**Exercise objective**
Transcribe the listing verbatim. Do not carry over any pictures.

**Recorded information**
--- START ---

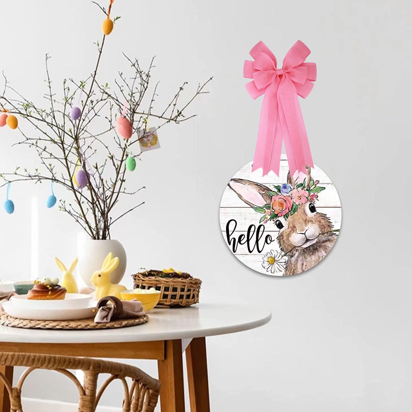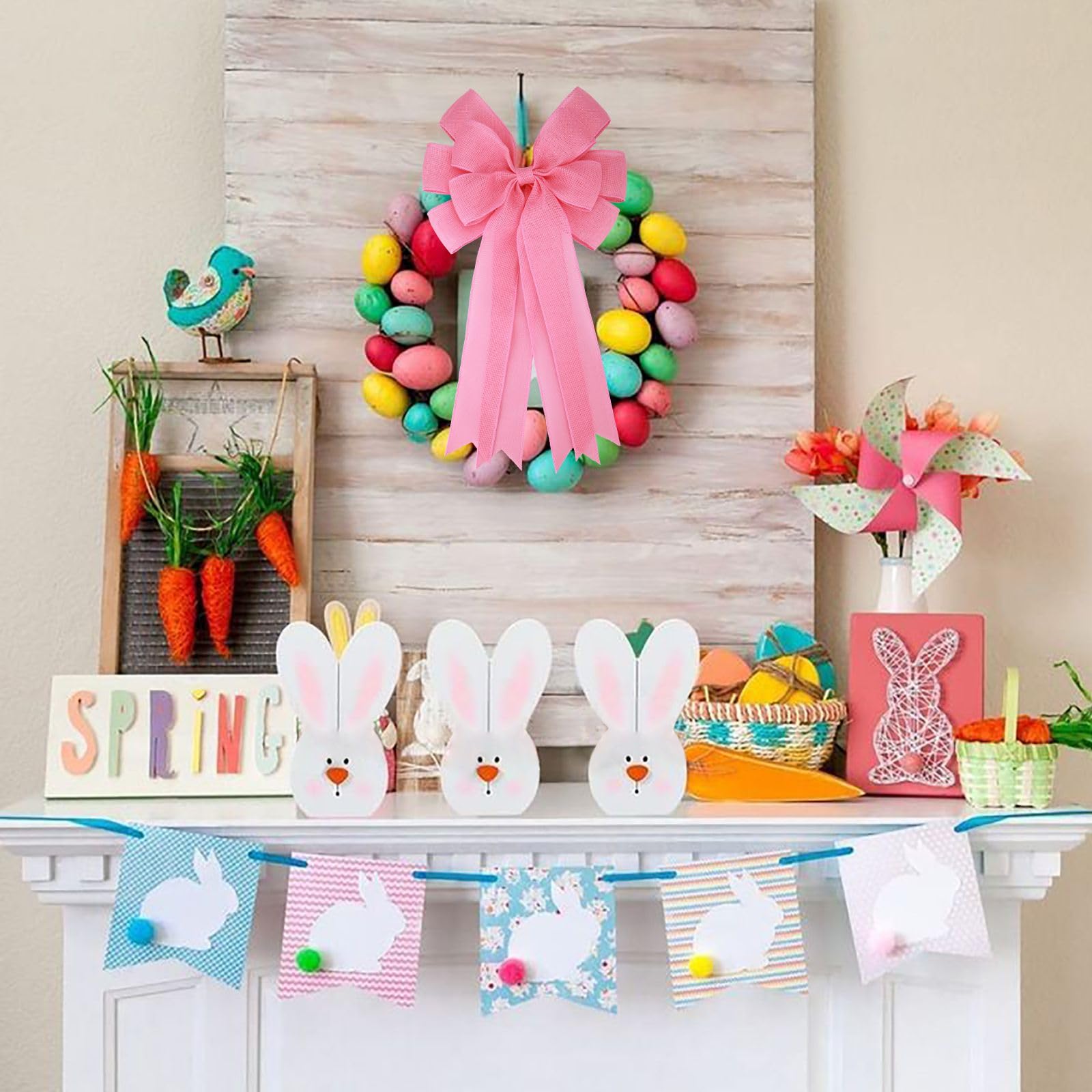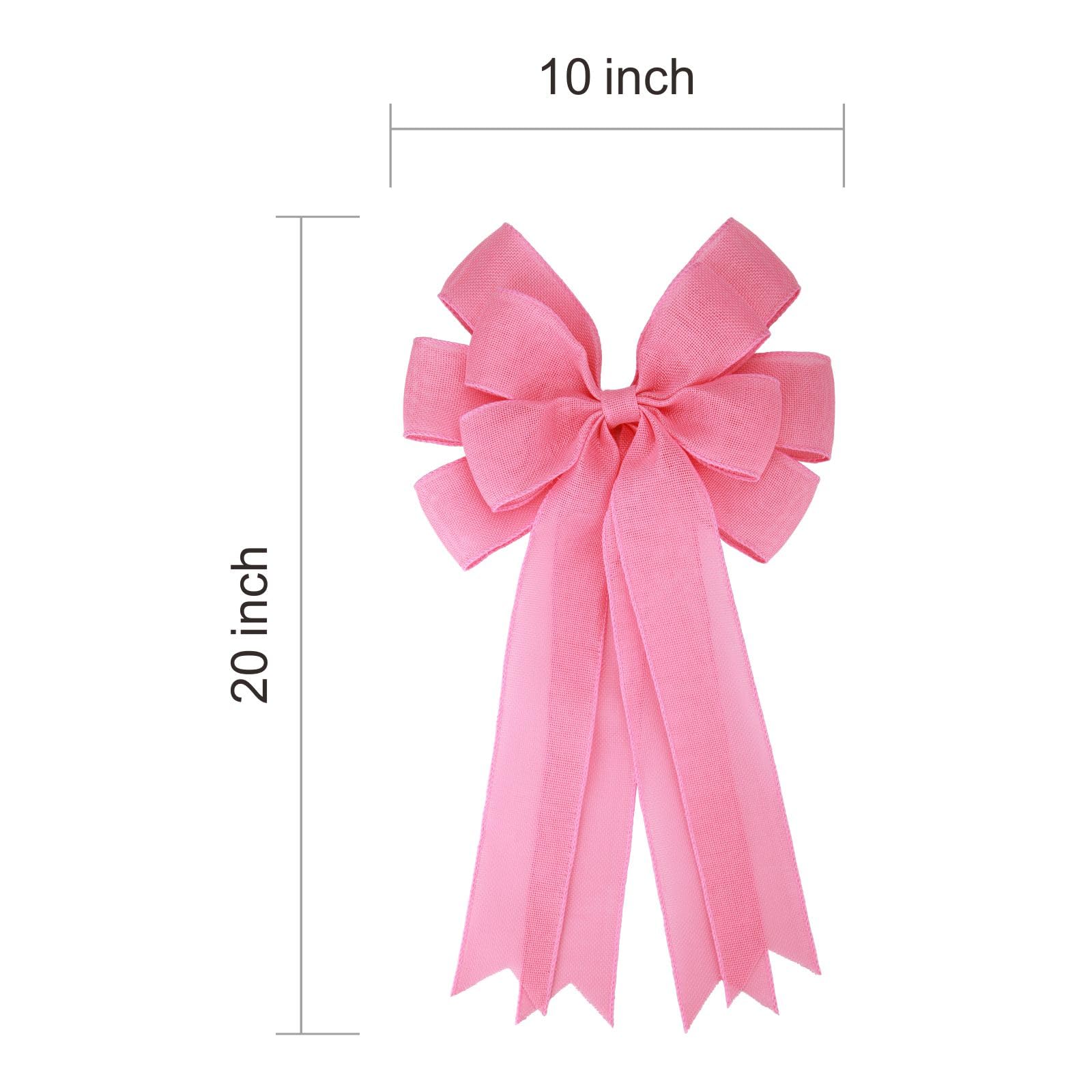 Meseey 2 Pcs 20 x 10 Inch Large Pink Burlap Bows Easter Wreaths Bow for Gift Wrapping Spring Tree Topper Front Door Home Decorations (Pink)
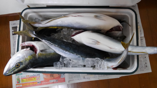 60㎝オーバーのワラサが10本。ツバス&ハマチ15~8?でクーラーがオーバーフロー!!
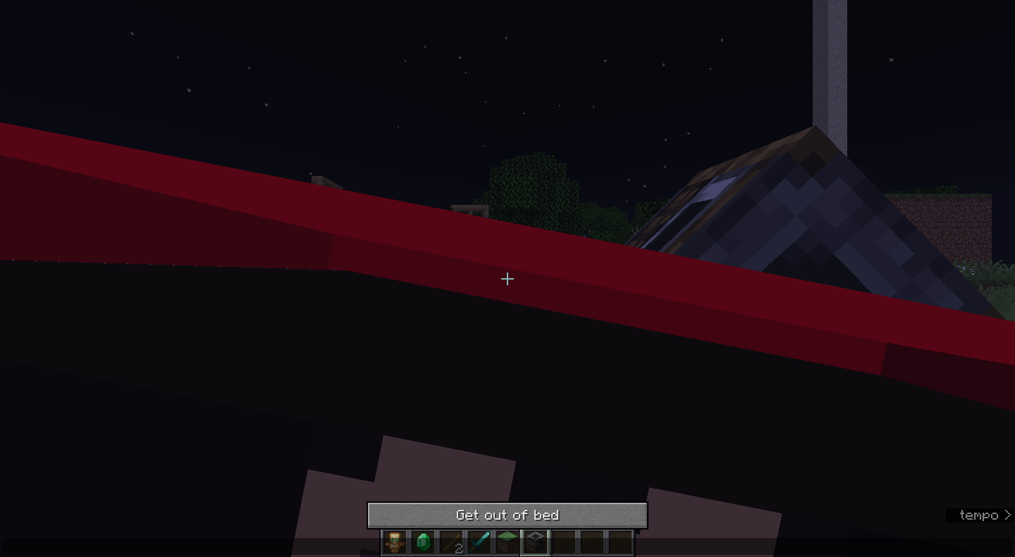 When you sleep in a bed that is on the same height as your head (standing one block beneath it), everything is normal, but if you sleep standing on the same height as the bed, on the bed or jumping while entering the bed, the camera glitches into the player model. But that also seems to be affected at which angle you click the bed at which height.
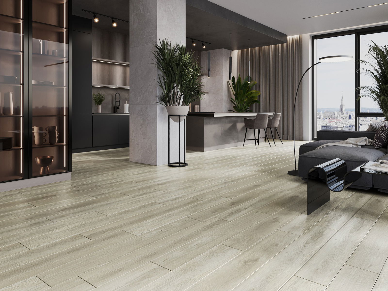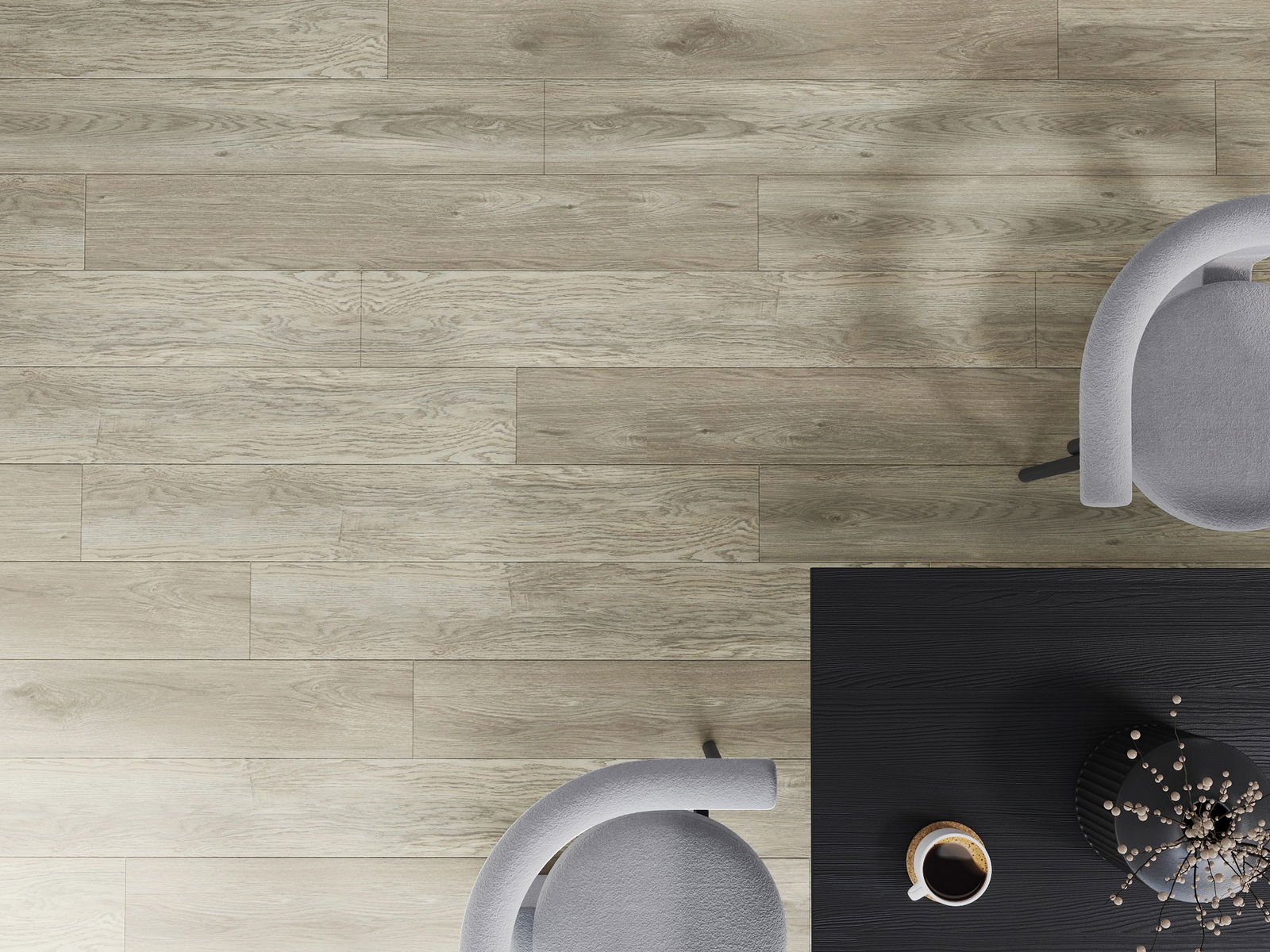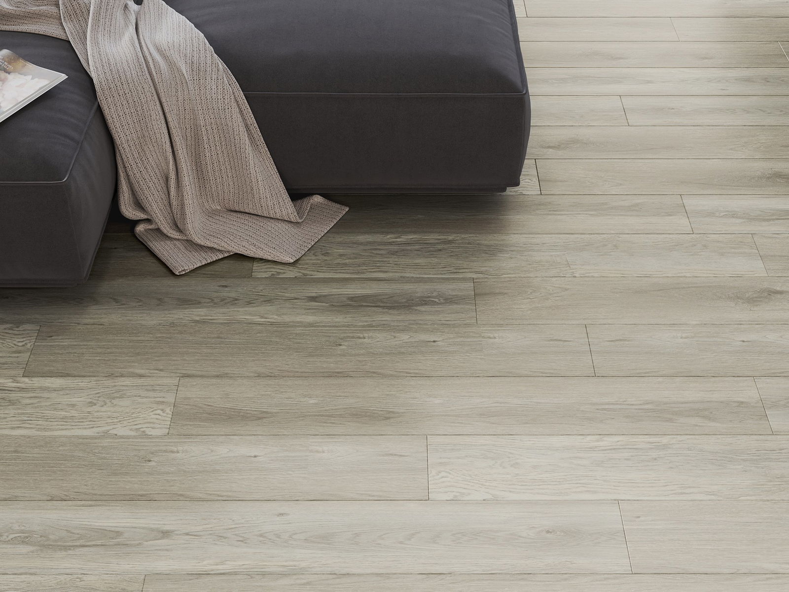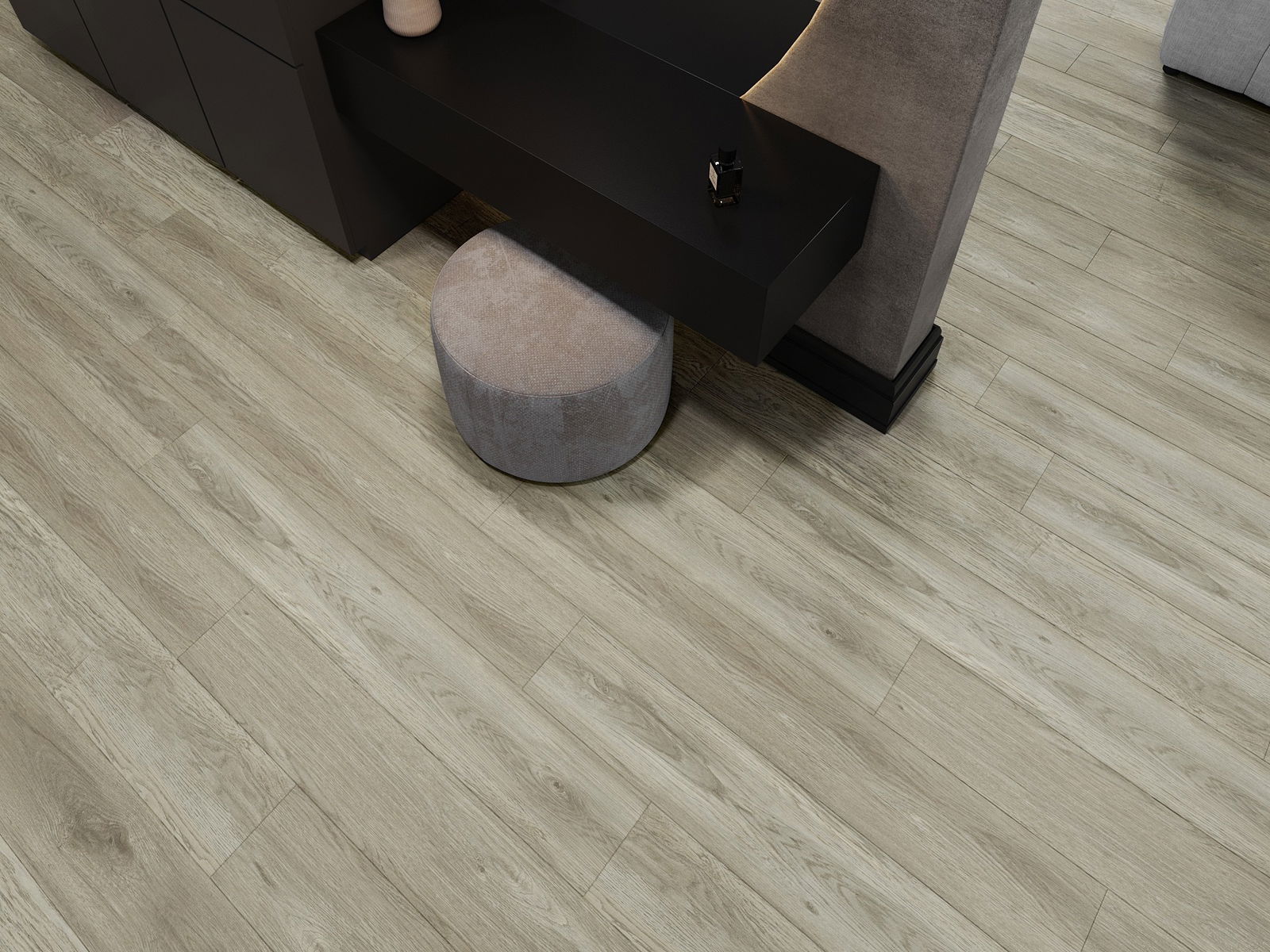 Paneļiem ir 4-pusējs fuga - katra mala ir frēzēta tā, lai pēc ieklāšanas izveidotos savienojums burta "V" formā. Šāds dizains padara grīdu izteiksmīgāku, piešķirot tai dziļumu un estētisku raksturu. Šis efekts ir īpaši novērtēts mūsdienu interjeros, kur detaļas izceļ telpas unikālo izskatu.

--- END ---

**Solved problem**
 Meseey 2 Pcs 20 x 10 Inch Large Pink Burlap Bows Easter Wreaths Bow for Gift Wrapping Spring Tree Topper Front Door Home Decorations (Pink)
 60㎝オーバーのワラサが10本。ツバス&ハマチ15~8?でクーラーがオーバーフロー!!
 When you sleep in a bed that is on the same height as your head (standing one block beneath it), everything is normal, but if you sleep standing on the same height as the bed, on the bed or jumping while entering the bed, the camera glitches into the player model. But that also seems to be affected at which angle you click the bed at which height.
 Paneļiem ir 4-pusējs fuga - katra mala ir frēzēta tā, lai pēc ieklāšanas izveidotos savienojums burta "V" formā. Šāds dizains padara grīdu izteiksmīgāku, piešķirot tai dziļumu un estētisku raksturu. Šis efekts ir īpaši novērtēts mūsdienu interjeros, kur detaļas izceļ telpas unikālo izskatu.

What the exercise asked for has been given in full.